Les survols de drones au-dessus des installations militaires constituent également un sujet de préoccupation croissante. Selon la DRSD, leur nombre a doublé en 2025 par rapport à l’année précédente. Le général Bonnemaison s’est toutefois montré prudent sur leur interprétation. La prolifération massive des drones rend désormais difficile la distinction entre un usage récréatif et une démarche hostile. Les services s’attachent donc à analyser les comportements : vols coordonnés, opérations nocturnes, répétition des trajectoires ou proximité avec des sites sensibles.
« La détection est déjà compliquée, l’attribution l’est encore davantage », a-t-il reconnu. Comme d’autres pays occidentaux, la France se heurte aux limites techniques de l’identification des télépilotes et à l’usage possible d’intermédiaires ou de sous-traitants agissant pour le compte d’acteurs étrangers.
Pour autant, le directeur de la DRSD estime que la France dispose d’un avantage : un « écosystème bouillonnant » d’ingénieurs et de jeunes entreprises travaillant sur les technologies de détection et de neutralisation.
Cette transformation du paysage industriel conduit la DRSD à intervenir beaucoup plus tôt auprès des jeunes entreprises innovantes. Le service cherche à sensibiliser rapidement les entrepreneurs aux enjeux de sécurité économique et de souveraineté. Selon le général, ces nouveaux acteurs sont généralement réceptifs aux recommandations des autorités lorsqu’ils prennent conscience de la sensibilité de leurs travaux.
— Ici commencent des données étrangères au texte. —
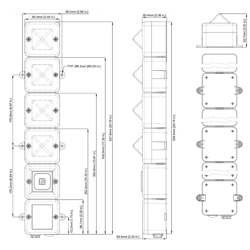 Les colonnes pré-cablées BRC-SONL sont composées d'une sirène 100 dB à 1 m, et jusqu'à 4 feux à combiner entre feux flashs et feux à LED. Feux non inclus.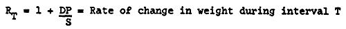 | R | = | le taux d'accroissement en poids au cours de l'intervalle T, et |
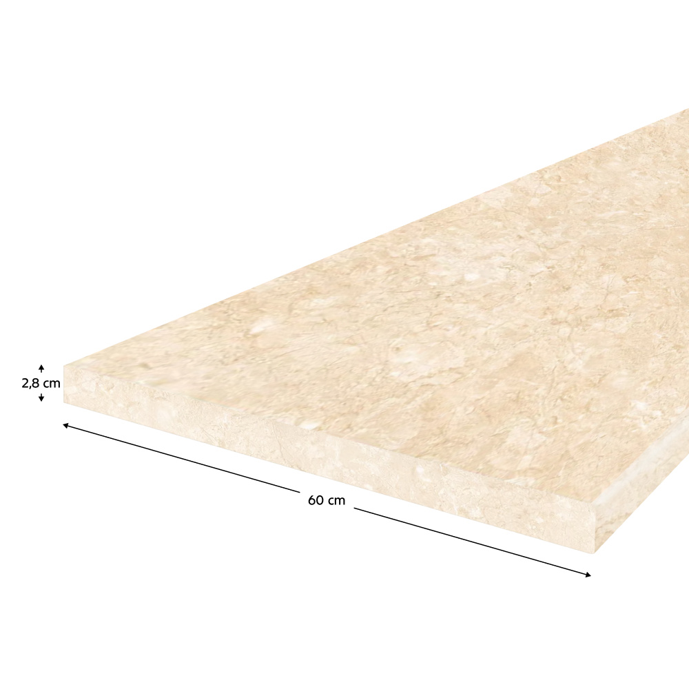 Materiál: laminovaná DTD Barva: royal beigemarble Tloušťka pracovní desky: 2,8 cm Hloubka pracovní desky: 60 cm Minimální požadovaná délka desky: 0,1 m Maximální požadovaná délka desky: 4,1 m Odolná vůči poškození Odolná vůči mechanickému opotřebení Odolná vůči světlu a vlhkosti Odolná vůči zvýšené teplotě až do 180 °C Hygienicky nezávadný povrch Vhodná pro přímý kontakt s potravinami Jednoduchá údržba Hrany jsou precizně ohraněné zažehlovací páskou Lze ji přizpůsobit na míru podle požadovaných rozměrů Kompatibilní Výroba pracovní desky na míru je závazná Platbu je třeba uhradit předem v plné výši Dodocí lhůta: 10 pracovních dnů

Le directeur de la DRSD a également insisté sur la dimension informationnelle des menaces contemporaines. Les opérations de désinformation, selon lui, visent désormais autant les armées que les entreprises stratégiques françaises. Certaines campagnes cherchent à fragiliser la cohésion nationale en exploitant les fractures sociales ou politiques du pays. Sans désigner explicitement d’acteurs, il a évoqué des actions cherchant à alimenter les tensions autour de symboles ou d’événements médiatiques afin d’accentuer les phénomènes de radicalisation et de défiance.
La compétition économique internationale constitue un autre front majeur. Interrogé sur les risques d’ingérences étrangères, notamment américaines ou chinoises, le général Bonnemaison a répondu avec prudence diplomatique, tout en reconnaissant une intensification globale des rivalités. « Les États n’ont pas d’amis, ils n’ont que des intérêts », a-t-il rappelé en citant le général de Gaulle. Selon lui, les technologies françaises sont aujourd’hui « extrêmement convoitées », qu’il s’agisse d’investissements capitalistiques, d’acquisitions d’entreprises ou de captation de savoir-faire.
Le directeur de la DRSD a confirmé que le service suivait également certaines implantations étrangères à proximité de sites militaires sensibles, notamment des acquisitions foncières pouvant susciter des interrogations. Il a cependant rappelé que ces dossiers relevaient ensuite du traitement judiciaire et interministériel.
Au-delà des menaces sophistiquées, le général a insisté sur un facteur beaucoup plus banal : la négligence humaine. Selon lui, une grande partie des compromissions observées proviennent encore de comportements imprudents. Ordinateurs laissés sans surveillance, matériels volés dans des véhicules ou absence de précautions élémentaires demeurent des vulnérabilités majeures.
Le patron de la DRSD a ainsi plaidé pour une culture collective de sécurité, dépassant le seul cadre des services de renseignement. « Notre sécurité est une sécurité collective », a-t-il conclu, estimant que la vigilance devait désormais irriguer l’ensemble de la société de défense française.